Mas é comum que os médicos se irritem ao
deparar com um paciente cheio de lamentações, porém sem sintomas reais. E
muitos profissionais cedem às queixas. “Já vi o caso de uma pessoa que
sofreu seis cirurgias porque conseguiu convencer o médico de que estava com
algo muito sério”, conta Miguel Jorge. Este é um sério problema. Como
diagnosticar a hipocondria e evitar a ocorrência de casos assim? Ainda não há
uma receita. Cabe ao médico usar toda a sua sensibilidade. “Em geral, o
hipocondríaco chega no consultório com uma pasta enorme onde guarda seus
exames. Ele não sabe o que procura. Busca uma doença”, conta o neurocirurgião
Alexandre do Amaral, coordenador do Centro Multidiscplinar da Dor, no Rio de
Janeiro.
Volich, autor do livro Hipocondria:
impasses da alma, desafio do corpo (Ed. Casa do Psicólogo), acredita que a
maioria dos profissionais de saúde ainda ignora o hipocondríaco. Para ele,
parte dessa negligência se deve às atuais condições de atendimento.

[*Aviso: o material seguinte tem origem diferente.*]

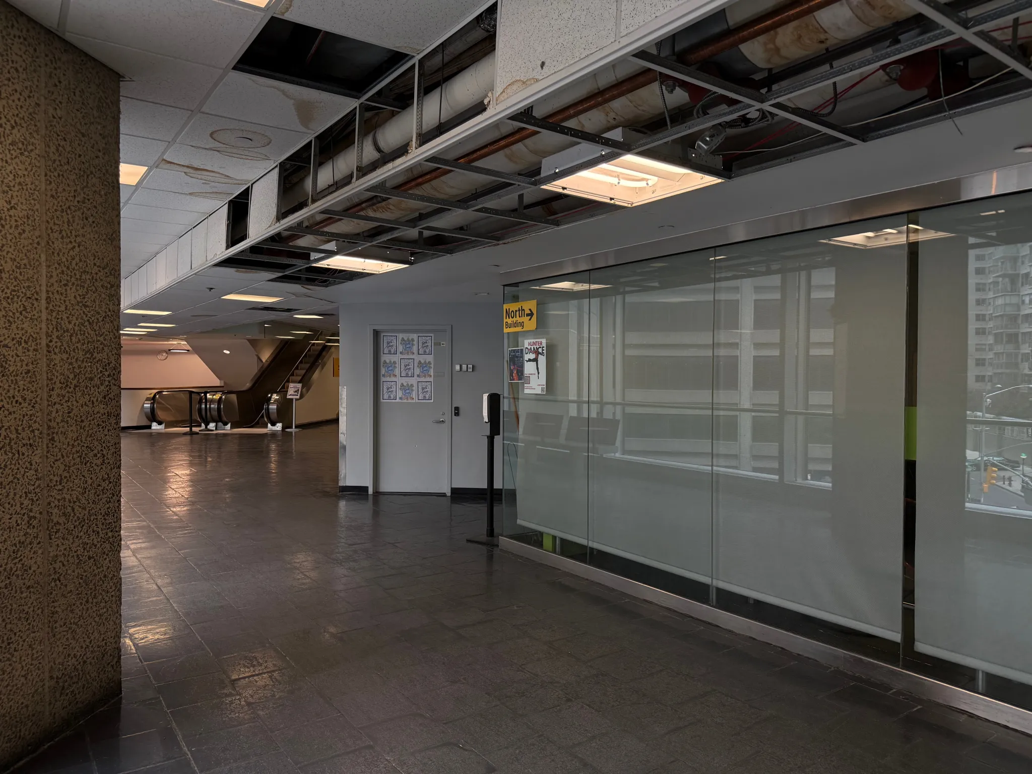 HUNTER COLLEGE— On a Monday afternoon last month, the jaws of Hunter students and faculty dropped as a brown, soggy ceiling panel crashed to the ground on the third-floor sky bridge.
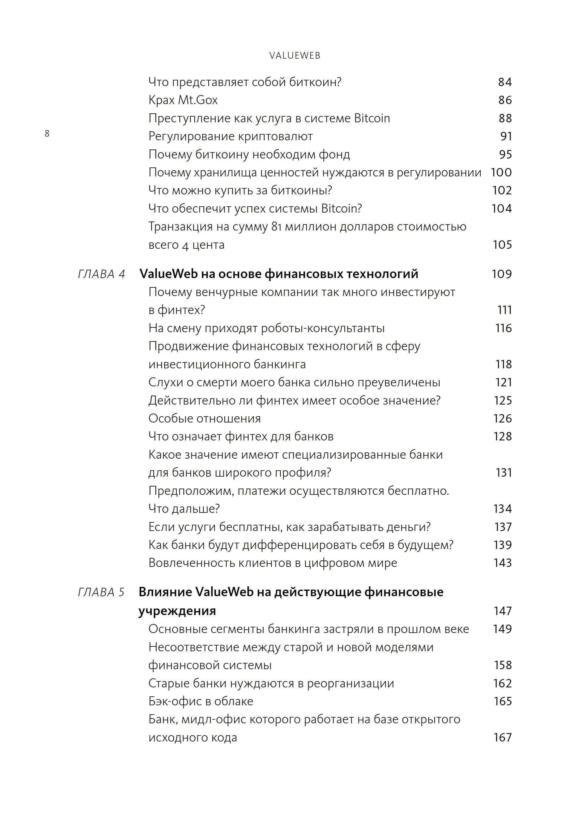 В книге обсуждается роль FinTech, новой индустрии, сфокусированной на интеграции финансов и технологий для построения сети ValueWeb с помощью мобильной передачи данных, цифровой валюты и технологии блокчейн.

Por ter
pouco tempo para a consulta, o médico mal ouve o paciente, optando por fazer
uma bateria de exames para diagnosticar a “doença”. Sem encontrar nada de
errado, ele prefere encaminhar o caso para outro especialista. E assim o
hipocondríaco inicia a peregrinação por consultórios. Felizmente, há
esperança de que isso mude. “Bem devagarinho, os médicos estão prestando
atenção ao sofrimento de dimensão psíquica”, afirma. Segundo o
psicanalista, a hipocondria vai além do transtorno. “Cada vez mais o corpo se
presta a uma forma de representação, um modo de comunicação. Muitas
dificuldades na vida se manifestam pela via corporal”, explica. Quando a
pessoa passa a se sentir doente sem motivo é possível entender o problema como
um pedido de atenção. “O ideal seria que o médico perguntasse a história
de vida desse paciente, o que ocorreria numa consulta clássica”, afirma.
Desse modo, o profissional pode descobrir que as queixas nasceram de uma experiência
marcante e mal resolvida. Ou seja, se a pessoa evita lidar com o problema,
talvez o corpo seja obrigado a se expressar. E na forma de dor.